> [Exercise prompt]
With the pictures omitted, write out all of the listing exactly.

> [Provided data]

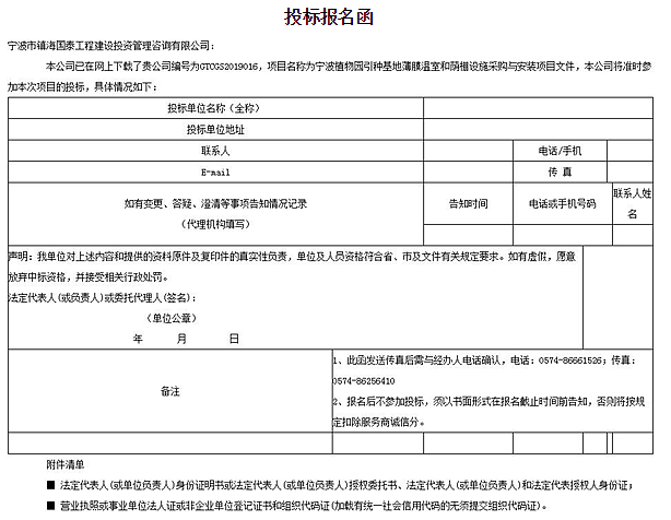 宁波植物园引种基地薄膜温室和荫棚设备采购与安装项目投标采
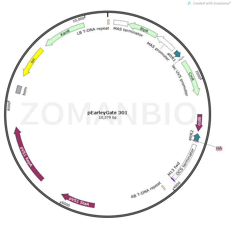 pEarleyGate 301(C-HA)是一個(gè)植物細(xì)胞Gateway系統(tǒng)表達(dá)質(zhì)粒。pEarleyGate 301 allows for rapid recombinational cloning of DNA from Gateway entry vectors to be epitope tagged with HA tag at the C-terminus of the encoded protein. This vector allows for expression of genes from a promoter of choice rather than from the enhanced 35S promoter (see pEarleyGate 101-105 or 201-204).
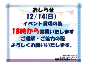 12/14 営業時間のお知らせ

> [Problem solution]
 宁波植物园引种基地薄膜温室和荫棚设备采购与安装项目投标采
 pEarleyGate 301(C-HA)是一個(gè)植物細(xì)胞Gateway系統(tǒng)表達(dá)質(zhì)粒。pEarleyGate 301 allows for rapid recombinational cloning of DNA from Gateway entry vectors to be epitope tagged with HA tag at the C-terminus of the encoded protein. This vector allows for expression of genes from a promoter of choice rather than from the enhanced 35S promoter (see pEarleyGate 101-105 or 201-204).
 12/14 営業時間のお知らせ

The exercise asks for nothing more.